Tuesday, December 18, 2007
Pakistan’s president Pervez Musharraf has been a key member of the coalition in the “war on terror”, in particular by supporting US efforts to root out Osama bin Laden. Yet Musharraf was a general, now officially out of uniform, who took power in his country in a coup in 1999, and who recently introduced a state of emergency that has seen leading political figures placed under house arrest. These actions sit ill with US president George Bush’s commitment, in his 2005 inauguration speech, to “seek and support the growth of democratic movements and institutions in every nation and culture, with the ultimate goal of ending tyranny in our world”.
The problem for those observing current events in Pakistan is that the country’s democratic politicians have, in their attempts to govern, hardly covered themselves with glory.
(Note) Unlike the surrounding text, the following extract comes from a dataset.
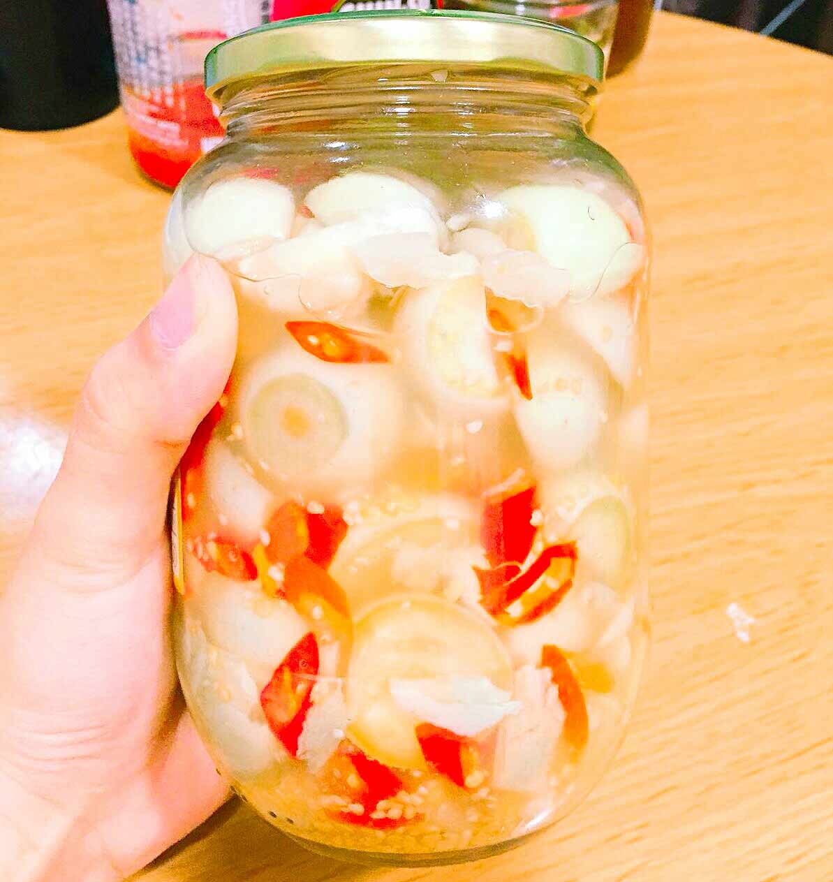 - Hủ thủy tinh rửa sạch, để khô nước, bạn cũng có thể dùng hũ sành, sứ để muối nhé. Rắc vào dưới đáy hũ một lớp muối mỏng và tỏi đập dập, xếp lớp cà lên trên, rải thêm vài lát ớt đỏ cho hũ cà thêm hấp dẫn và có vị cay nồng nhẹ, cứ làm thế cho đến hết.

Zulfiqar Ali Bhutto, prime minister from 1973 to 1977, was executed for involvement in the murder of political rivals. His daughter, Benazir, twice prime minister, was convicted in 1999 of corruption. Her great political rival, Nawaz Sharif, twice dismissed for corruption, was convicted in April 2000 on terrorism and hijacking charges.
Even taking aside the peccadilloes of its rulers, Pakistan is a country wrought by faction. Of its four provinces, Baluchistan, North-West Frontier Province, Punjab and Sindh, only Punjab lacks an independence movement that at some point has aimed to break away. North-West Frontier Province remains in large parts beyond the control of Islamabad and is believed to be the hiding place of Taliban from Afghanistan, and of members of Al-Qaeda.
The country also suffers from religious intolerance, between Sunni and Shia muslims and, within the Sunni community, between Islamists and secularists. Periodic religious conflicts have punctuated Pakistan’s history: indeed the current crisis was precipitated by the storming of the radical Red Mosque in Islamabad, which, the government claimed, was a breeding ground for Islamic extremists.